Based on this method, scientists have developed other time-frequency analysis tools. For example, low-pass transforms filter out background noise, and high-pass filters do the opposite, allowing you to focus on the background.

Hassanzadeh’s team first performed the Fourier transform on the equation of their fully trained deep learning model. Each of the approximately 1 million model parameters acts as a multiplier that gives more or less weight to certain operations in the equation in model calculations. In an untrained model, the parameters have random values. These are adjusted and refined during training as the algorithm gradually learns to arrive at predictions that get closer and closer to the known results in the training cases. Structurally, the model parameters are grouped into approximately 40,000 five-by-five matrices, or kernels.

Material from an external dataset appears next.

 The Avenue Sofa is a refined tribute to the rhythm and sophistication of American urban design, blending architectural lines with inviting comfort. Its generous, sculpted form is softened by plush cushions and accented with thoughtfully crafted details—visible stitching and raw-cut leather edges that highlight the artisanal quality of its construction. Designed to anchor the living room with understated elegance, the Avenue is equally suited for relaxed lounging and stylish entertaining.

“When we took the Fourier transform of the equation, it told us to look at the Fourier transform of these matrices,” Hassanzadeh said. “We didn’t know that. Nobody has ever done this part before, looking at the Fourier transforms of these matrices and trying to connect them to physics.

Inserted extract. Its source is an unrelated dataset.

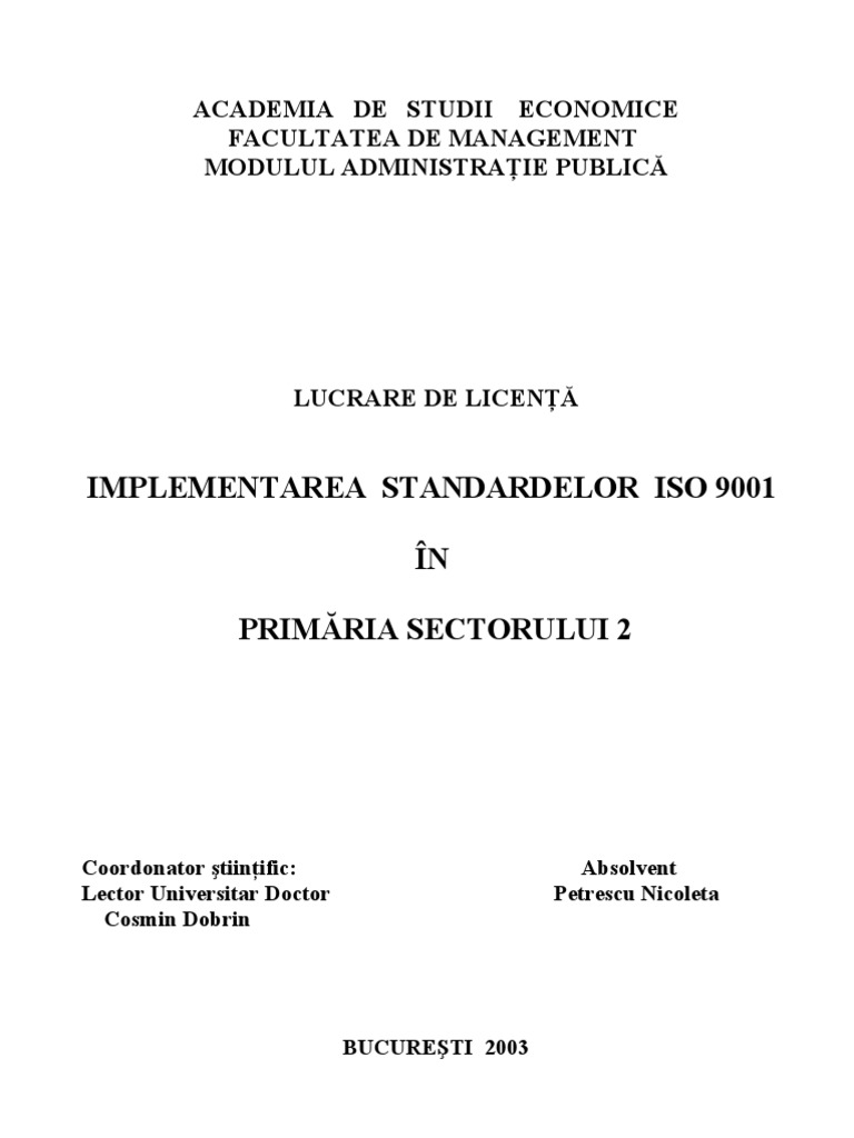 Implementarea Standardelor Iso In Primaria Sector 2

“And when we did that, it turns out that what the neural network is learning is a combination of low-pass filters, high-pass filters and Gabor filters,” he said.

“The beauty of this is that the neural network doesn’t do magic,” Hassanzadeh said. “It doesn’t do anything crazy. A physicist or mathematician could have tried that. Of course, without the power of neural networks, we didn’t know how to properly combine these filters. But when we talk to working physicists about it, they love it. ‘Cause they say, ‘Oh! I know what those things are. The neural network has learned this. I understand.’ »

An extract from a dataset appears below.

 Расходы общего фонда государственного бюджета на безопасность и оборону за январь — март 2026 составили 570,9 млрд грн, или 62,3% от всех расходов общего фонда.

Subel said the findings have important implications for scientific learning, even suggesting that some things scientists have learned from studying machine learning in other contexts, such as classifying static images, may not apply to scientific machine learning hold true.

“We have found that some of the insights and conclusions from the machine learning literature, e.g. gained from working on commercial and medical applications, do not apply to many critical applications in science and engineering, such as B. the modeling of climate change. ‘ said Subel. . “That in itself is an important implication. »

Chattopadhyay received his Ph.D. in 2022 and is now a researcher at the Palo Alto Research Center.

The research was supported by the Office of Naval Research (N00014-20-1-2722), the National Science Foundation (2005123, 1748958), and the Schmidt Futures program. Computational resources were provided by the National Science Foundation (170020) and the National Center for Atmospheric Research (URIC0004).